January 15, 20262601.10355

Authors

Jiahuan Li,Rongxiang Weng,Jingang Wang,Xunliang Cai,Xiting Wang

Abstract

Enabling Large Language Models (LLMs) to effectively utilize tools in multi-turn interactions is essential for building capable autonomous agents. However, acquiring diverse and realistic multi-turn tool-use data remains a significant challenge.

In this work, we propose a novel text-based paradigm. We observe that textual corpora naturally contain rich, multi-step problem-solving experiences, which can serve as an untapped, scalable, and authentic data source for multi-turn tool-use tasks.

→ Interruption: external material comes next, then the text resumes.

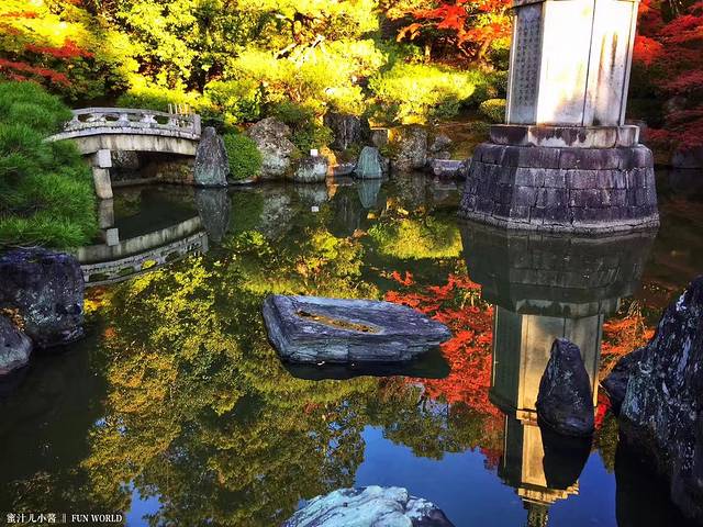 至于哪一处的风景最好?蜜酱非常偏好弁天社、锦云桥、放生池一带,寺院在这池塘附近还贴心的放上了观景座呢。下图这个场景便是蜜汁儿在永观堂里最喜欢的:锦云桥、放生池、红黄枫叶相映成趣,实景比照片里美数十倍不止(回程必经一座极乐桥,也是看这个景的最佳视角,所以人超级多,工作人员一直在旁边疏导行人不能在桥上停留,所以这照片是在行走的过程中匆匆抓拍的,拍成这个渣画质实属无奈。因为蜜酱太喜欢这个景也就保留了下来做个念想)。实际看到的场景真好像张艺谋导演电影里的布景一样,美得那么艺术……

Based on this insight, we introduce GEM, a data synthesis pipeline that enables the generation and extraction of multi-turn tool-use trajectories from text corpora through a four-stage process: relevance filtering, workflow & tool extraction, trajectory grounding, and complexity refinement. To reduce the computational cost, we further train a specialized Trajectory Synthesizer via supervised fine-tuning.

This model distills the complex generation pipeline into an efficient, end-to-end trajectory generator. Experiments demonstrate that our GEM-32B achieve a 16.5% improvement on the BFCL V3 Multi-turn benchmark.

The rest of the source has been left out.